Records from a data source:
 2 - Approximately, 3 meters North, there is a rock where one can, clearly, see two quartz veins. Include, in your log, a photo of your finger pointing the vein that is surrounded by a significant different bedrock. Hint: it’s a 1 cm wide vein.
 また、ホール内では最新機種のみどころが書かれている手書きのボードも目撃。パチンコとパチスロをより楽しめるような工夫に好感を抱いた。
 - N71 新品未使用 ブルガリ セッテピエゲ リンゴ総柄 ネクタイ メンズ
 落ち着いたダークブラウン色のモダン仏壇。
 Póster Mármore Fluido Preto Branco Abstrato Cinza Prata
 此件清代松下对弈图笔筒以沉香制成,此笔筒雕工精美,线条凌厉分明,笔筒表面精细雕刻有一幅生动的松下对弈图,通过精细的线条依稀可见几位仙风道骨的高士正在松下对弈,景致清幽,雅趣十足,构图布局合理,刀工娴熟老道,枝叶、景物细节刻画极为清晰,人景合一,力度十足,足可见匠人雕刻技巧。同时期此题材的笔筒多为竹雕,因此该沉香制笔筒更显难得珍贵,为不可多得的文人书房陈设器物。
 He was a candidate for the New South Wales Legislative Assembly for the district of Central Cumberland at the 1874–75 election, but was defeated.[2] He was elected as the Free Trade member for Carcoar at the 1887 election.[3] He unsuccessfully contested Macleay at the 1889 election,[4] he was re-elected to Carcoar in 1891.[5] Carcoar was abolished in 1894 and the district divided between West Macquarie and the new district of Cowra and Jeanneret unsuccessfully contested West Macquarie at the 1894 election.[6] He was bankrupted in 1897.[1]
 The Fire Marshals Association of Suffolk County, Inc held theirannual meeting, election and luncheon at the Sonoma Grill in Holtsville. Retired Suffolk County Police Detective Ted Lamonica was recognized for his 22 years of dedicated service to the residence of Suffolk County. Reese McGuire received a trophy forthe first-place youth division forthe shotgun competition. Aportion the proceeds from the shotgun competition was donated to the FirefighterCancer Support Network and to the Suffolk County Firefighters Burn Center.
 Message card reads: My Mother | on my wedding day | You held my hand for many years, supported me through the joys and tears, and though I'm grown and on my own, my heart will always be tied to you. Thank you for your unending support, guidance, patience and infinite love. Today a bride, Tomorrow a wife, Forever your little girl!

> [WHAT IS BEING ASKED]: Go over the data and return every line that includes the word "years".

> [RESPONSE TO THE EXERCISE]:
 The Fire Marshals Association of Suffolk County, Inc held theirannual meeting, election and luncheon at the Sonoma Grill in Holtsville. Retired Suffolk County Police Detective Ted Lamonica was recognized for his 22 years of dedicated service to the residence of Suffolk County. Reese McGuire received a trophy forthe first-place youth division forthe shotgun competition. Aportion the proceeds from the shotgun competition was donated to the FirefighterCancer Support Network and to the Suffolk County Firefighters Burn Center.
 Message card reads: My Mother | on my wedding day | You held my hand for many years, supported me through the joys and tears, and though I'm grown and on my own, my heart will always be tied to you. Thank you for your unending support, guidance, patience and infinite love. Today a bride, Tomorrow a wife, Forever your little girl!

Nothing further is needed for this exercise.